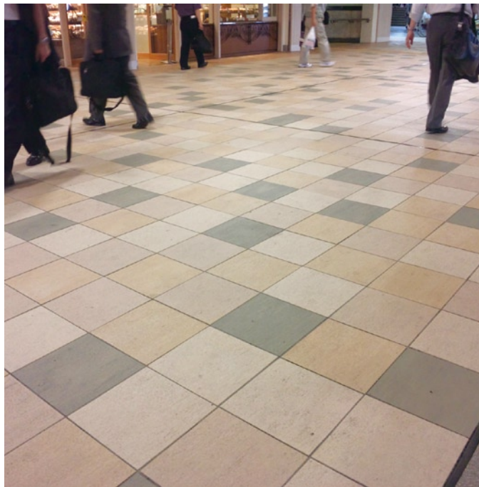
JR 東日本 品川駅構内
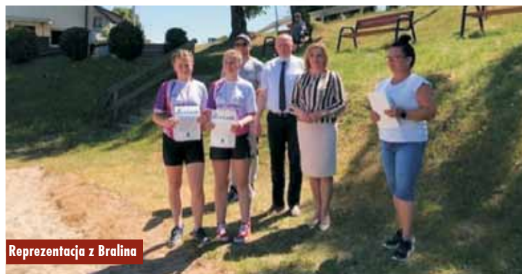
Reprezentacja z Braliny

„Remont nawierzchni placu przy Domu Ludowym w Chojeńcinie-Parcelach” w ramach zadania „Modernizacja Domu Ludowego w Chojeńcinie wraz z zagospodarowaniem terenu przyległego”
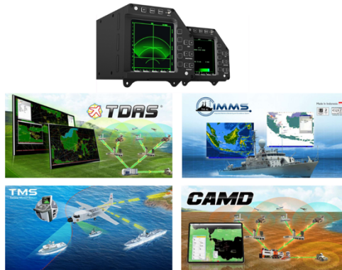
Gambar 2. 2 Produk PT Infoglobal Teknologi Semesta

Seiring berkembangnya teknologi dan kebutuhan operasional militer yang semakin kompleks, Infoglobal memperluas kapabilitasnya dengan merancang sistem berbasis C4ISR ( Command, Control, Communications, Computers, Intelligence, Surveillance, and Reconnaissance ). Produk-produk unggulan seperti Tactical Display Air Situation (TDAS), Integrated Monitoring and Management System (IMMS), serta Tactical Mission System (TMS) menjadi bagian penting dari sistem pemantauan lalu lintas udara dan kendali operasi militer. Sistem ini mampu mengintegrasikan data radar sipil dengan militer secara real-time , serta mendukung pengambilan keputusan yang cepat dan akurat dalam konteks pertahanan nasional.
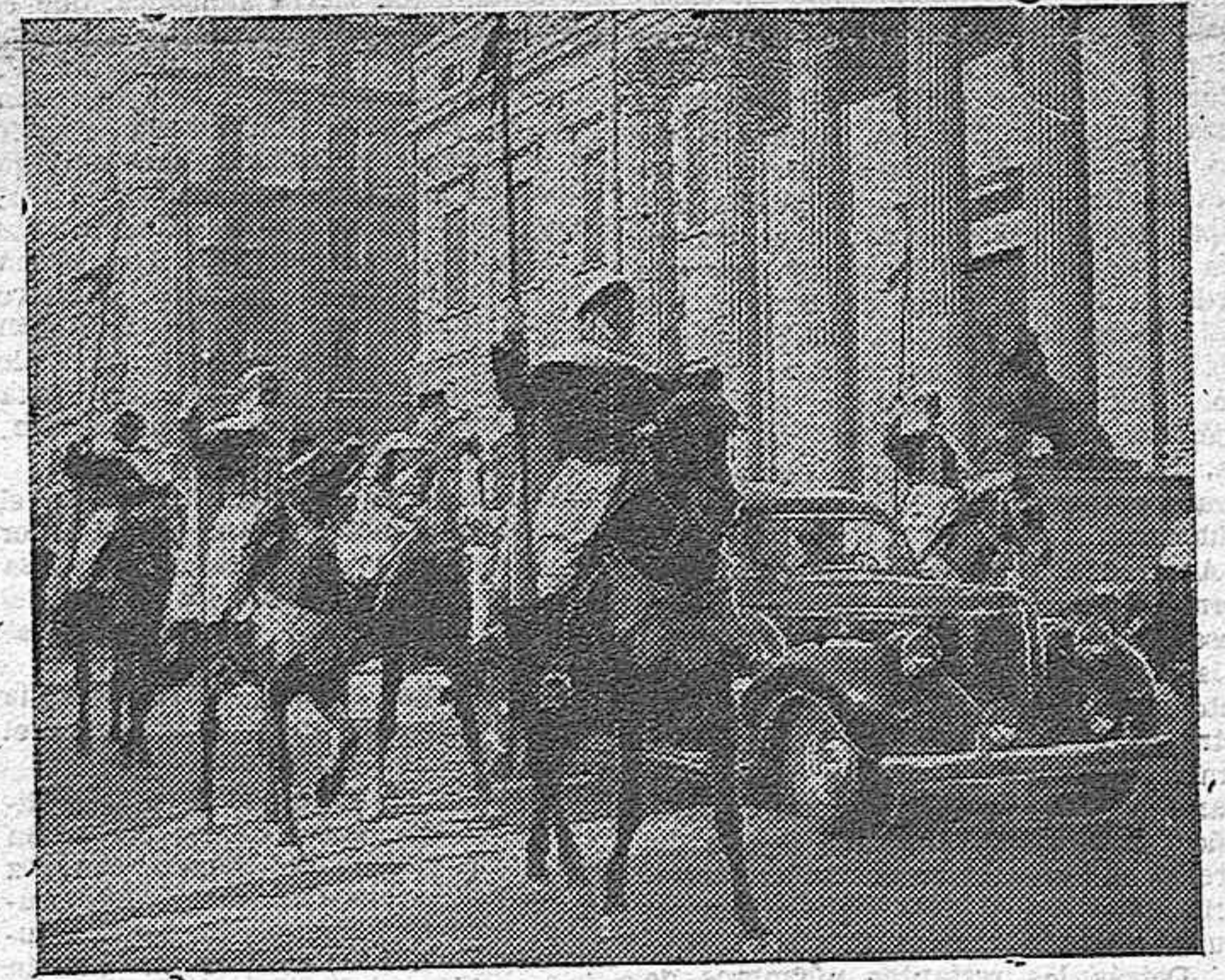
El nuevo embajador del Brasil presenta sus credenciales al Caudillo

* EXERCISE PROMPT:
Find the lines above that include the string "Produk" and copy them.

* EXERCISE RESULT:
Gambar 2. 2 Produk PT Infoglobal Teknologi Semesta
Seiring berkembangnya teknologi dan kebutuhan operasional militer yang semakin kompleks, Infoglobal memperluas kapabilitasnya dengan merancang sistem berbasis C4ISR ( Command, Control, Communications, Computers, Intelligence, Surveillance, and Reconnaissance ). Produk-produk unggulan seperti Tactical Display Air Situation (TDAS), Integrated Monitoring and Management System (IMMS), serta Tactical Mission System (TMS) menjadi bagian penting dari sistem pemantauan lalu lintas udara dan kendali operasi militer. Sistem ini mampu mengintegrasikan data radar sipil dengan militer secara real-time , serta mendukung pengambilan keputusan yang cepat dan akurat dalam konteks pertahanan nasional.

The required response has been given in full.